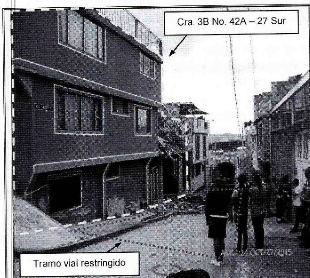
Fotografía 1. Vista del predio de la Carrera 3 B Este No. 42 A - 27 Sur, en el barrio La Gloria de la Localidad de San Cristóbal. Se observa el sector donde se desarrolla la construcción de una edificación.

= = = =

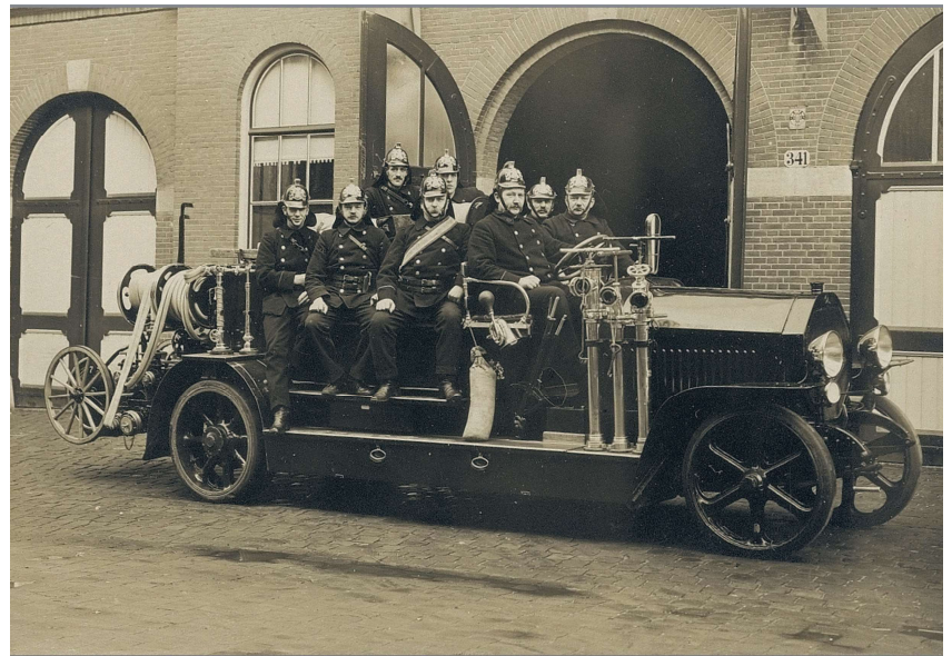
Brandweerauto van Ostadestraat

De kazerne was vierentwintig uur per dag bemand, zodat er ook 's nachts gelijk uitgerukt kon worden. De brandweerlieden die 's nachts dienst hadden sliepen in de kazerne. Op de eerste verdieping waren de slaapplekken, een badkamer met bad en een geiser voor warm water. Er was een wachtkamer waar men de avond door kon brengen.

= = = =

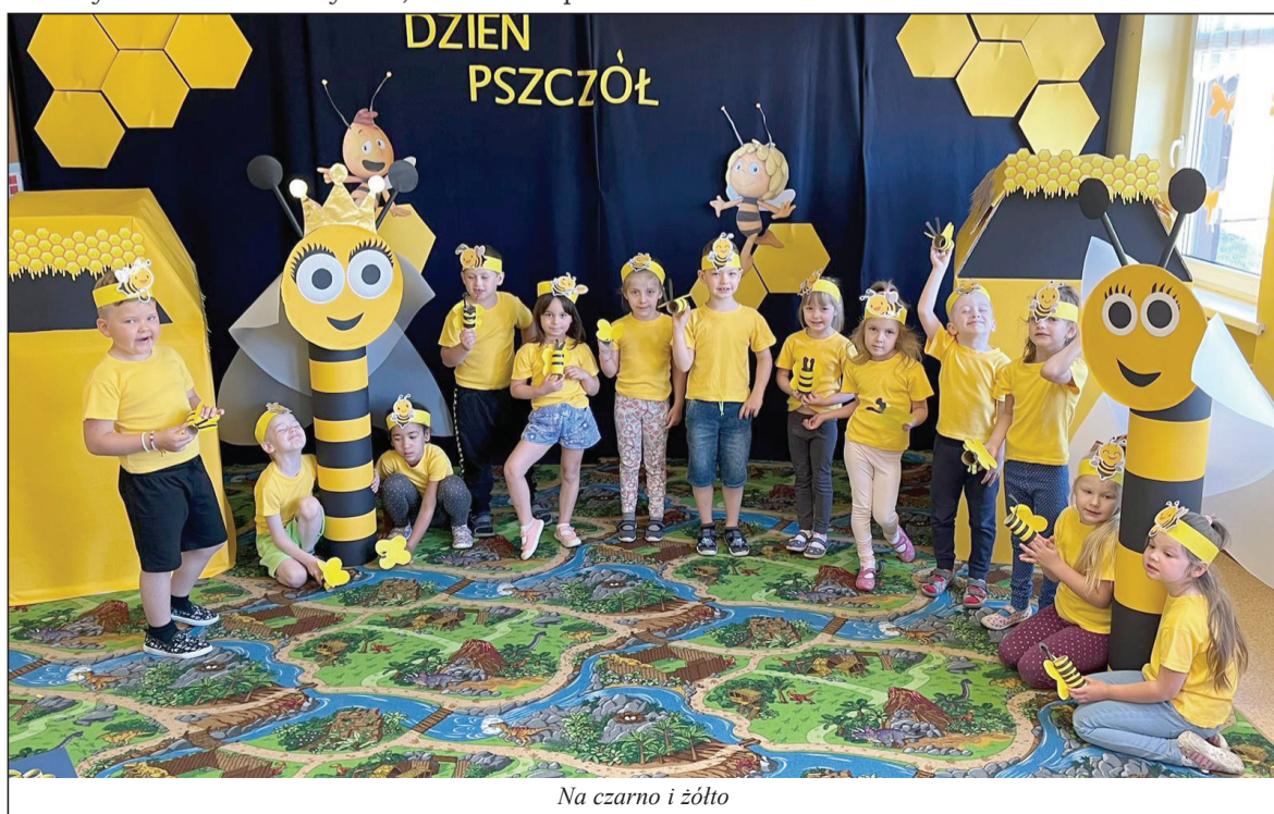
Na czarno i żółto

= = = =

▶ _AIM OF THE TASK_
Print exactly the lines above from the one with "Brandweerauto van Ostadestraat" to the one with "De kazerne was", including both.

▶ _WRITTEN RESPONSE_
Brandweerauto van Ostadestraat

De kazerne was vierentwintig uur per dag bemand, zodat er ook 's nachts gelijk uitgerukt kon worden. De brandweerlieden die 's nachts dienst hadden sliepen in de kazerne. Op de eerste verdieping waren de slaapplekken, een badkamer met bad en een geiser voor warm water. Er was een wachtkamer waar men de avond door kon brengen.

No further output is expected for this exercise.